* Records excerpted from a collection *

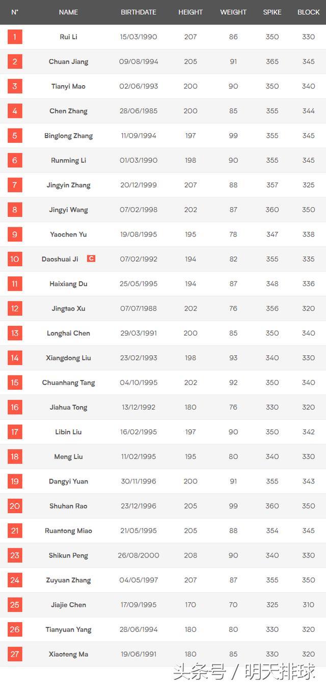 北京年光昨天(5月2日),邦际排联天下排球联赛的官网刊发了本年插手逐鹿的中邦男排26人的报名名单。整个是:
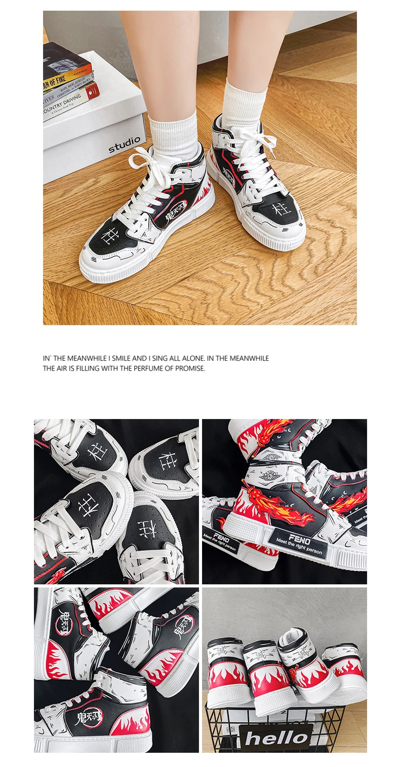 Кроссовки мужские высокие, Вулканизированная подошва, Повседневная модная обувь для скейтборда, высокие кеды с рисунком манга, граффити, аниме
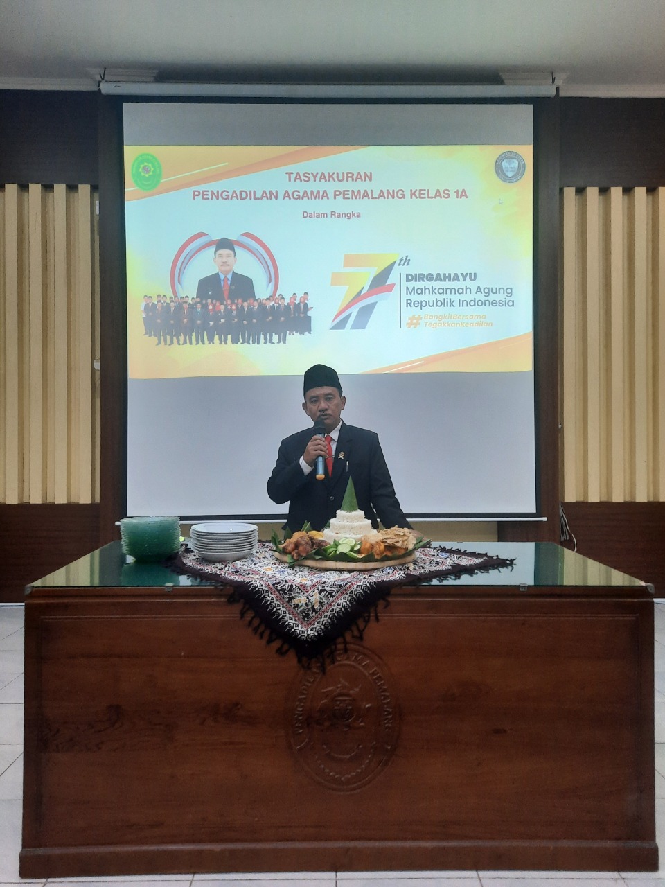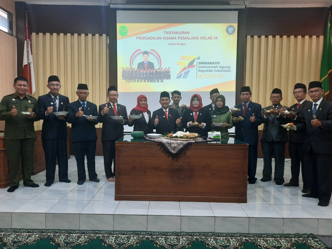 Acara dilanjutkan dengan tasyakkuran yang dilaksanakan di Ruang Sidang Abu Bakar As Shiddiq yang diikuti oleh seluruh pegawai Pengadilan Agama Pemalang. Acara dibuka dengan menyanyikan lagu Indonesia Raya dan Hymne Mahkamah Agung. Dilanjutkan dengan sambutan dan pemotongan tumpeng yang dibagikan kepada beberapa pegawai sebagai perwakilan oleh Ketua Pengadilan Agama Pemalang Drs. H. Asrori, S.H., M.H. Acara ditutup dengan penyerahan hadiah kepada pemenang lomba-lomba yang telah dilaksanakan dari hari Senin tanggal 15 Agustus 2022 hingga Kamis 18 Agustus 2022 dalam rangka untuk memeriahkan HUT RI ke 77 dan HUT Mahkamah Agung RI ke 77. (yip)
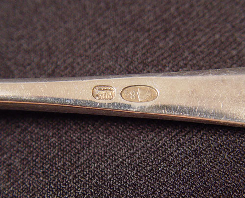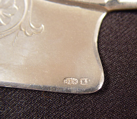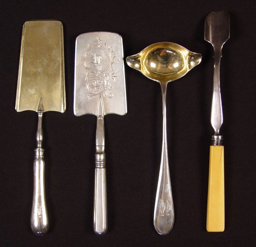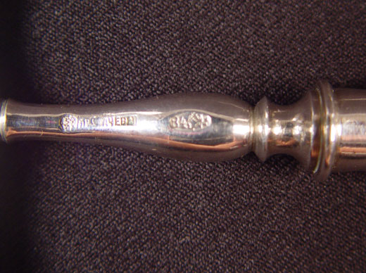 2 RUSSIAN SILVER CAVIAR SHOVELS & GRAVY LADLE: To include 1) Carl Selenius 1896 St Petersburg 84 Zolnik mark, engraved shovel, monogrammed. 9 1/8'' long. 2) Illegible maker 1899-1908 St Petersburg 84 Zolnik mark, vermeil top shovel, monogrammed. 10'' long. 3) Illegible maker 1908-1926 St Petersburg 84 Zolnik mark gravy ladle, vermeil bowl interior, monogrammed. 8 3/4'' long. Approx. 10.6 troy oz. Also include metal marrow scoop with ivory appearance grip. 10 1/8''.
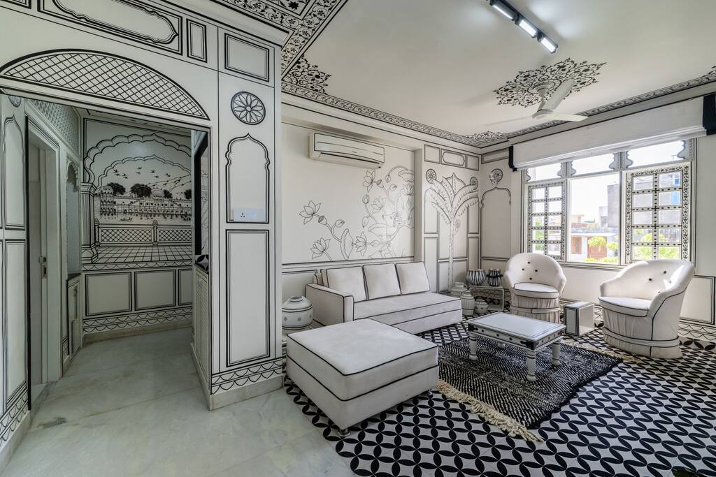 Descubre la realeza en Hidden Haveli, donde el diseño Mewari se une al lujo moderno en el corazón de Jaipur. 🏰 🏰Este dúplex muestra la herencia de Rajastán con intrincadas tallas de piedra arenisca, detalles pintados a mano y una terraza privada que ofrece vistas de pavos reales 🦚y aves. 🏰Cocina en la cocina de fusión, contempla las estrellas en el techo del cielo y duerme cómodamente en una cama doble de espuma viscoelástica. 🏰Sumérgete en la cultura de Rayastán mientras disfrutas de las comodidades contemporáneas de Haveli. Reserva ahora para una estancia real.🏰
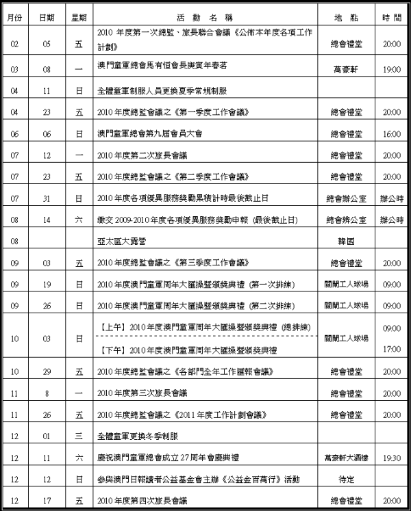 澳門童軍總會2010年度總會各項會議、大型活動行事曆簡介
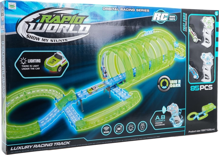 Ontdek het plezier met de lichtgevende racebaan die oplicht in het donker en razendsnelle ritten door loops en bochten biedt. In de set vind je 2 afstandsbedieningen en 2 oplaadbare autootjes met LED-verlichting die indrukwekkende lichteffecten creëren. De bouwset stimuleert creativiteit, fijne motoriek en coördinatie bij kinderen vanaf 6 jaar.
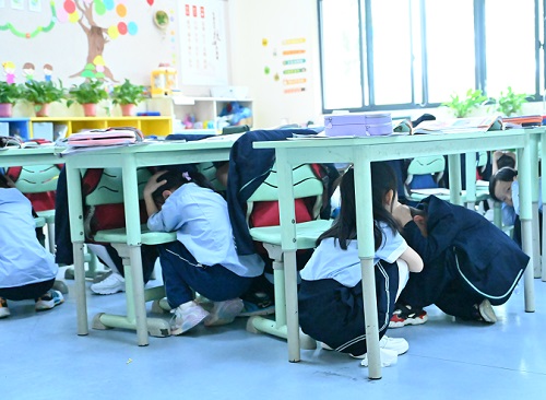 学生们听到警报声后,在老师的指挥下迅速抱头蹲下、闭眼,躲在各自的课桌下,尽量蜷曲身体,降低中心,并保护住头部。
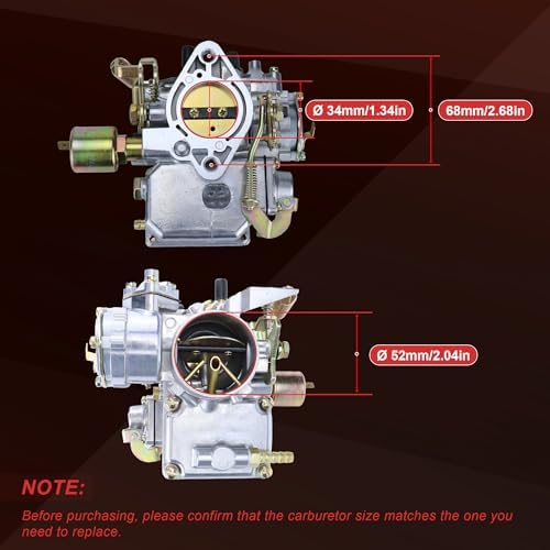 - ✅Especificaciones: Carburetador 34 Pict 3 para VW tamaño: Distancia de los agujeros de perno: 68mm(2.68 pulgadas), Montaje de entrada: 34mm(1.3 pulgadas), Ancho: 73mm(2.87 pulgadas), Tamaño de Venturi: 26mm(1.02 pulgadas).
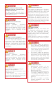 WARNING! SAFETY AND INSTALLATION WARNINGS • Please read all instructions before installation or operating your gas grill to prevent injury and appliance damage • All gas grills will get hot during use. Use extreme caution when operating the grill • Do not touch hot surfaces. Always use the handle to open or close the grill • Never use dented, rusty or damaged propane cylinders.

* What to produce *
In the entries above, find the line containing "学生们听到警报声后,在老师的" and the line containing "- ✅Especificaciones: Carburetador", then copy both and every line between them exactly, without any picture.

* Written response *
 学生们听到警报声后,在老师的指挥下迅速抱头蹲下、闭眼,躲在各自的课桌下,尽量蜷曲身体,降低中心,并保护住头部。
 - ✅Especificaciones: Carburetador 34 Pict 3 para VW tamaño: Distancia de los agujeros de perno: 68mm(2.68 pulgadas), Montaje de entrada: 34mm(1.3 pulgadas), Ancho: 73mm(2.87 pulgadas), Tamaño de Venturi: 26mm(1.02 pulgadas).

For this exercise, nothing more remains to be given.